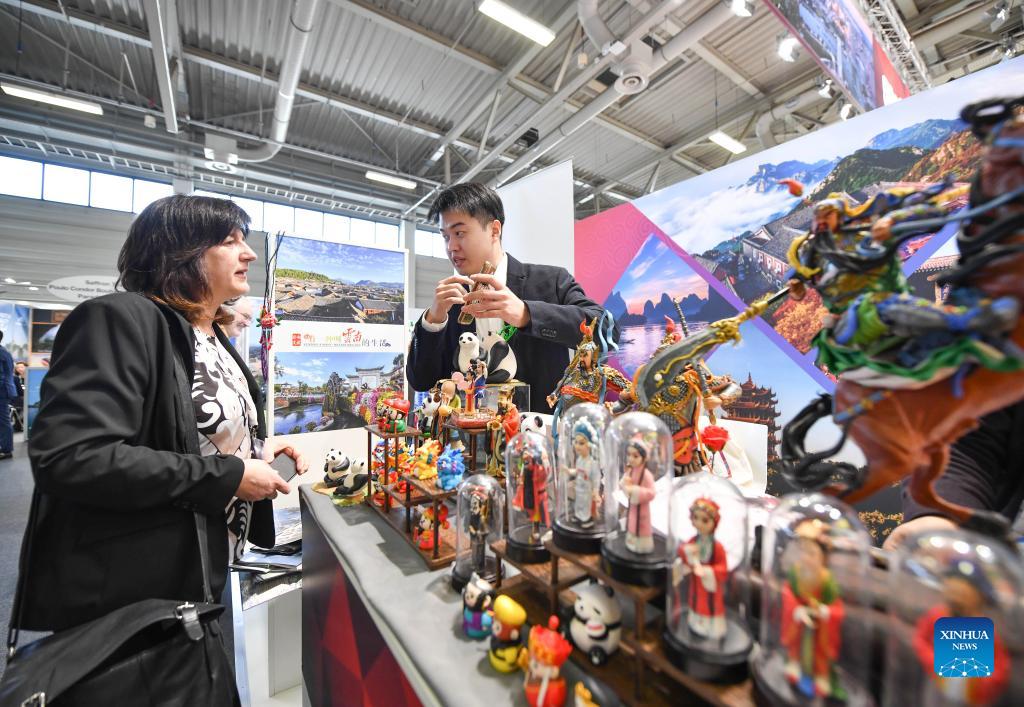 A staff member (R) introduces the crafts of dough modelling to a visitor at the booth of China during the ITB Berlin travel trade show in Berlin, Germany, March 5, 2024. The ITB Berlin travel trade show kicked off here on Tuesday and will last until March 7. (Xinhua/Ren Pengfei)
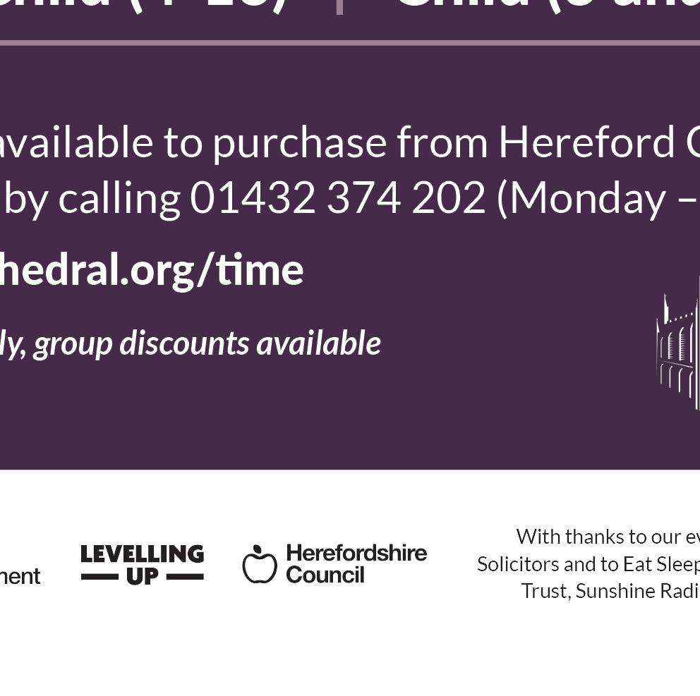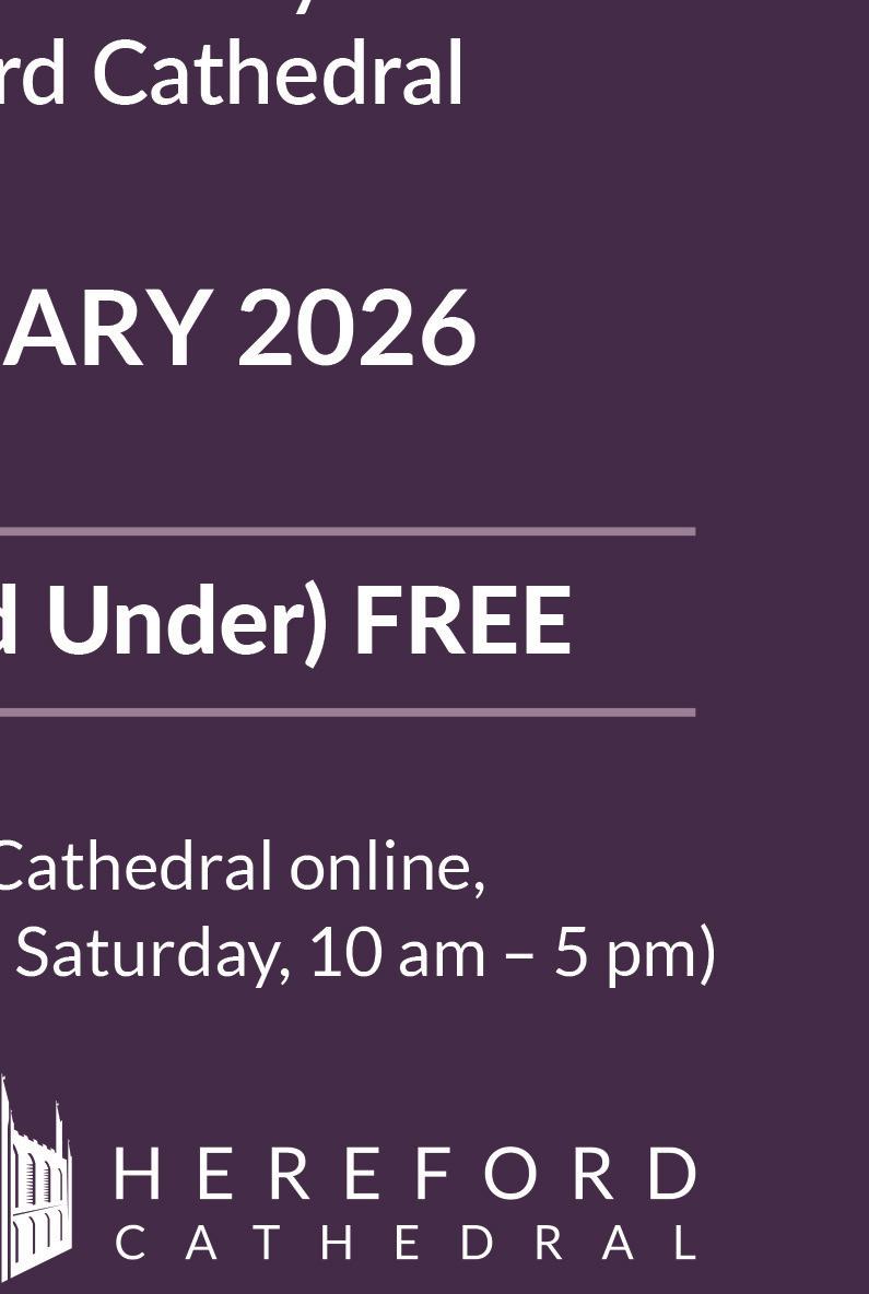 Mon - Sat - Cathedral Tours, 11.05 and 2.15pm, £7.50, students £6, 8-16 year olds £2. Selected dates - Tower Tours, £10, under 16s £5, students £8, 01432 374210. www.herefordcathedral.org
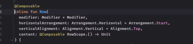 If you take a closer look at the code sample mentioned above, you'll be wondering if the Nearest restartable function is ContactRow and not Row because Row is an inline Composable function. Functions like function Row, Column, or Box are neither restartable nor skippable as they are inline functions.
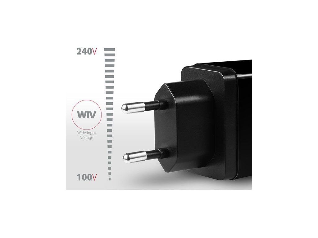 - Wide Input Voltage - funkcia širokého rozsahu vstupného napätia, chráni adaptér pred podpätím a prepätím na vstupe a umožňuje použitie viacerých "národných štandardov napájania".
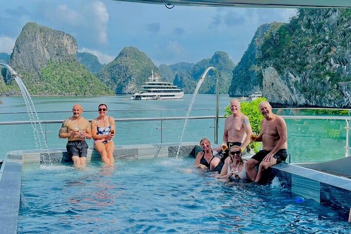 Join a 1-day luxury cruise from Hanoi for a 7.5-hour unforgettable journey through Ha Long Bay and Lan Ha Bay. Enjoy a buffet lunch with panoramic views, explore Dark and Bright Caves by bamboo boat, kayak in crystal-clear waters, and swim in serene lagoons. Participate in a hands-on cooking demonstration making traditional Vietnamese spring rolls, and end the day with a sunset party on the sundeck, surrounded by the breathtaking natural beauty of the bay. This cruise combines cultural experiences, natural wonders, and relaxation for the ultimate Ha Long Bay adventure.
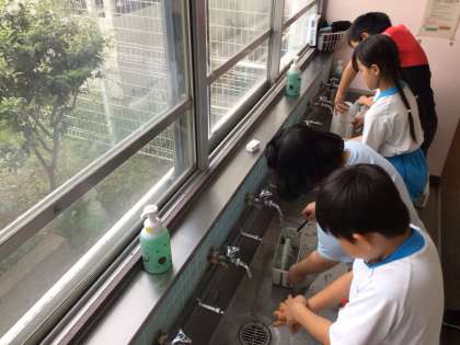 手についた絵の具を丁寧に洗って落としたり、水入れの水を周りに飛び散らないように流したりと、しっかりと片付けることができました。
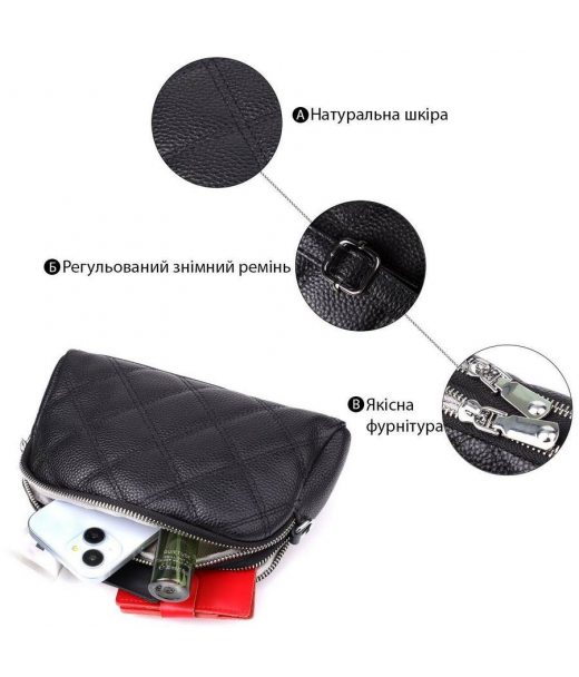 Женская сумка прошитая ромбами из натуральной кожи Vintage 22930 Черный
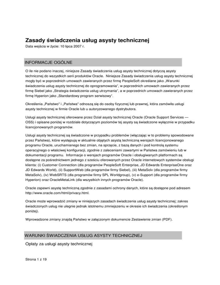 Zasady świadczenia usług asysty technicznej Data wejścia w życie: 10 lipca 2007 r. INFORMACJE OGÓLNE O ile nie podano inaczej, niniejsze Zasady świadczenia usług asysty technicznej dotyczą asysty technicznej do wszystkich serii produktów Oracle. Niniejsze Zasady świadczenia usług asysty technicznej mogły być w poprzednich umowach zawieranych przez firmę PeopleSoft określane jako „Warunki świadczenia usług asysty technicznej do oprogramowania”, w poprzednich umowach zawieranych przez firmę Siebel jako „Strategia świadczenia usług utrzymania”, a w poprzednich umowach zawieranych przez firmę Hyperion jako „Standardowy program serwisowy”. Określenia „Państwo" i „Państwa" odnoszą się do osoby fizycznej lub prawnej, która zamówiła usługi asysty technicznej w firmie Oracle lub u autoryzowanego dystrybutora. Usługi asysty technicznej oferowane przez Dział asysty technicznej Oracle (Oracle Support Services — OSS) i opisane poniżej w rozdziale dotyczącym poziomów tej asysty są świadczone wyłącznie w przypadku licencjonowanych programów. Usługi asysty technicznej są świadczone w przypadku problemów (włączając w to problemy spowodowane przez Państwa), które występują w aktualnie objętych asystą techniczną wersjach licencjonowanego programu Oracle, uruchamianego bez zmian, na sprzęcie, z bazą danych i pod kontrolą systemu operacyjnego o właściwej konfiguracji, zgodnie z zaleceniami zawartymi w Państwa zamówieniu lub w dokumentacji programu. Informacje o wersjach programów Oracle i obsługiwanych platformach są dostępne za pośrednictwem jednego z sześciu oferowanych przez Oracle internetowych systemów obsługi klienta: (i) Customer Connection (dla programów PeopleSoft Enterprise, JD Edwards EnterpriseOne oraz JD Edwards World), (ii) SupportWeb (dla programów firmy Siebel), (iii) MetaSolv (dla programów firmy MetaSolv), (iv) WebSRTS (dla programów firmy SPL Worldgroup), (v) e-Support (dla programów firmy Hyperion) oraz OracleMetaLink (dla wszystkich innych programów Oracle). Oracle zapewni asystę techniczną zgodnie z zasadami ochrony danych, które są dostępne pod adresem http://www.oracle.com/html/privacy.html. Oracle może wprowadzić zmiany w niniejszych zasadach świadczenia usług asysty technicznej; zakres świadczonych usług nie ulegnie jednak istotnemu zmniejszeniu w okresie ich świadczenia (określonym poniżej). Wprowadzone zmiany znajdą Państwo w załączonym dokumencie Zestawienie zmian (PDF). WARUNKI ŚWIADCZENIA USŁUG ASYSTY TECHNICZNEJ Opłaty za usługi asysty technicznej Strona 1 z 19 Opłaty za usługi asysty technicznej wnosi się co roku, przed rozpoczęciem okresu świadczenia usług, chyba że stwierdzono inaczej we właściwym dokumencie zamówienia lub w umowie dotyczącej zasad finansowania lub regulowania płatności zawartej z firmą Oracle lub jednym z jej podmiotów stowarzyszonych. Do uwierzytelnienia zamówienia asysty technicznej w firmie Oracle wymagane jest Państwa zobowiązanie zapłaty (np. zlecenie zakupu, faktyczna wpłata lub inna przyjęta metoda płatności). Faktura zostanie wystawiona dopiero po otrzymaniu od Państwa zobowiązania zapłaty. Zostanie ona wysłana na jeden wskazany przez Państwa adres korespondencyjny. Nieuregulowanie płatności w terminie spowoduje zaprzestanie świadczenia usług. Okres świadczenia usług asysty technicznej Okres świadczenia usług asysty technicznej rozpoczyna się w dniu wejścia w życie Państwa dokumentu zamówienia, chyba że w tym dokumencie stwierdzono inaczej. Jeśli zamówienie złożono za pośrednictwem sklepu Oracle Store, nabiera ono mocy w dniu jego akceptacji przez firmę Oracle. Jeśli w dokumencie zamówienia nie stwierdzono inaczej, warunki świadczenia usług asysty technicznej, łącznie z cenami, odnoszą się do okresu 12 miesięcy (zwanego dalej „okresem świadczenia usług”). Usług asysty technicznej zamówionych na okres świadczenia usług nie można anulować, nie można również uzyskać zwrotu dotyczących ich opłat. Firma Oracle nie jest zobowiązana do udzielania asysty technicznej po zakończeniu okresu świadczenia usług, o ile umowa dotycząca asysty technicznej nie zostanie przedłużona w dniu wygaśnięcia lub wcześniej. Pakiet licencji Pakiet licencji składa się z (i) wszystkich posiadanych przez Państwa licencji na program, (ii) licencji na programy zawierające ten sam kod źródłowy*, (iii) licencji na programy, które obejmują opcję lub program Enterprise Manager określone w cenniku (np. Database Enterprise Edition i Enterprise Edition Options; Database Enterprise Edition i Diagnostics Pack; Purchasing i Purchasing Options) oraz (iv) licencji na programy, które zawierają moduł samoobsługi wymieniony w cenniku, np. Human Resources i Self-Service Human Resources (Kadry i Kadry — samoobsługa). Definicja pakietu licencji nie obejmuje licencji na tworzenie oprogramowania i licencji demonstracyjnych dostępnych w ramach programu dla partnerów Oracle Partner Network lub za pośrednictwem serwisu internetowego Oracle Technology Network. * Programy zawierające ten sam kod źródłowy to: • Database Enterprise Edition, Database Standard Edition, Database Standard Edition One i Personal Edition; oraz • Application Server Enterprise Edition, Application Server Standard Edition i Application Server Java Edition. Zgodność poziomów usług W przypadku zakupu usług asysty technicznej wszystkie licencje w danym pakiecie muszą być objęte tym samym poziomem tych usług (np. Podstawowymi usługami asysty technicznej ‘Software Update License & Support’ lub nie podlegać asyście technicznej). Nie mogą Państwo objąć usługami asysty technicznej Strona 2 z 19 tylko części licencji wchodzących w skład pakietu — pakiet licencji musi zostać zmniejszony przez rezygnację z licencji nieobjętych usługami asysty technicznej. Rezygnację z licencji muszą Pań
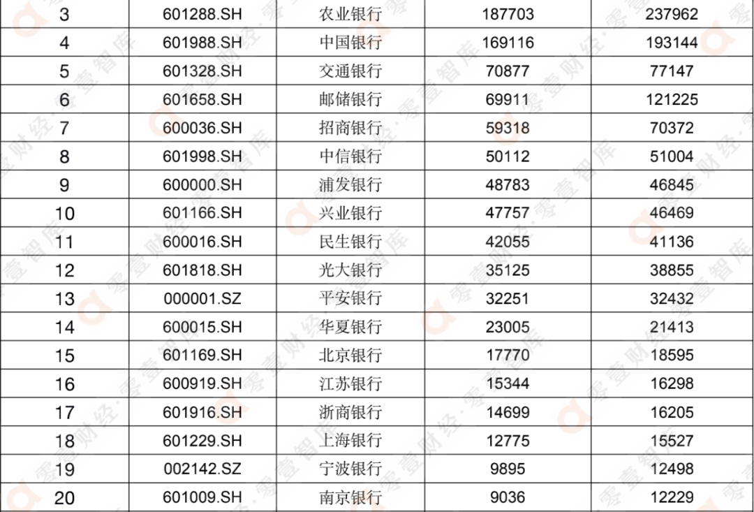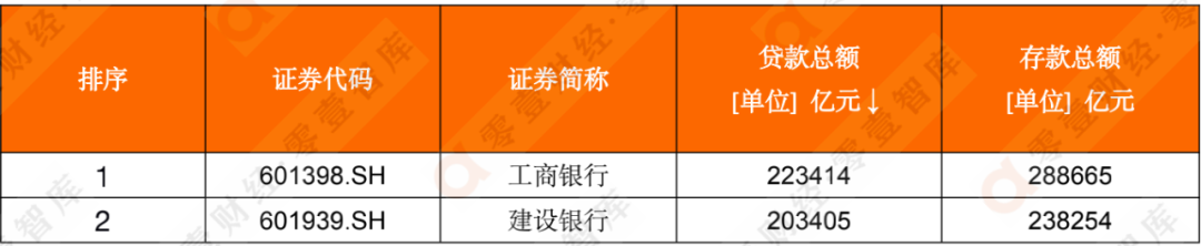 存款总额超过1万亿元的银行达20家。其中,工商银行、建设银行、农业银行、中国银行、邮储银行5家银行存款总额超过10万亿元。
═══
▶ **WHAT IS NEEDED**: Only the lines of the listing above from the one with "Join a 1-day" through the one with "Женская сумка прошитая" should be output, exactly, with both ends kept and pictures left out.

▶ **TASK RESPONSE**:
 Join a 1-day luxury cruise from Hanoi for a 7.5-hour unforgettable journey through Ha Long Bay and Lan Ha Bay. Enjoy a buffet lunch with panoramic views, explore Dark and Bright Caves by bamboo boat, kayak in crystal-clear waters, and swim in serene lagoons. Participate in a hands-on cooking demonstration making traditional Vietnamese spring rolls, and end the day with a sunset party on the sundeck, surrounded by the breathtaking natural beauty of the bay. This cruise combines cultural experiences, natural wonders, and relaxation for the ultimate Ha Long Bay adventure.
 手についた絵の具を丁寧に洗って落としたり、水入れの水を周りに飛び散らないように流したりと、しっかりと片付けることができました。
 Женская сумка прошитая ромбами из натуральной кожи Vintage 22930 Черный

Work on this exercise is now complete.